In the 19th century, the population continued to grow. The economy was mainly based on wine production and agrarian cultivation of olives, cereals, almonds, figs etc.. In 1817, there were almost 400 owners of vineyards. The opening of the railway connection in 1875 allowed for more sales and increased the living standards significantly in Santa Maria. In 1890, the town council agreed to have the first telephone operator installed. In 1898, the Sunday market was inaugurated.
The wine industry was undoubtedly the most profitable and continued to grow each year, until 1891 when an epidemic of phylloxera broke out causing all vineyards to be destroyed.
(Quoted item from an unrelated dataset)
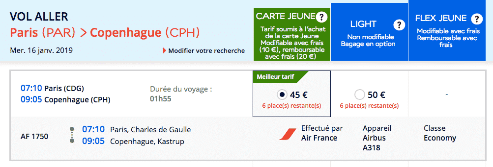 La réduction n’est pas automatique sur toutes les lignes ; il vaut mieux vérifier avant de réserver. Pour cela, rien de plus simple : une simulation sur le site d’Air France permet de mesurer l’avantage. Prenons un vol Paris (CDG), Copenhague (CPH) : le tarif affiché avec la carte jeune démarre à 45€ TTC, contre 50€ pour le tarif Light classique. La différence de prix n’est pas faramineuse sur ce segment, mais la carte ne se limite pas à une économie ponctuelle.

In the 20th century, the agricultural industries starts to really flourish in Santa Maria, but also other industries such as textile production, blacksmiths and carpenters were needed. With the introduction of electricity in 1912, production ratios increased significantly in most sectors, but also the use of gas engines in flour mills and sawmills was a part of the increased production. In this period the urban nucleus developed in a fast pace with new streets opening every year.
It seemed as if Santa Maria was facing a new and dynamic societal structure, but with the Civil War and later the introduction of mass tourism, Santa Maria saw a remarkable reduction in income. The Franco regime caused isolation and banned unions of workers, as well as the forming of political parties. Later on, the tourism industry demanded a whole different set of skills.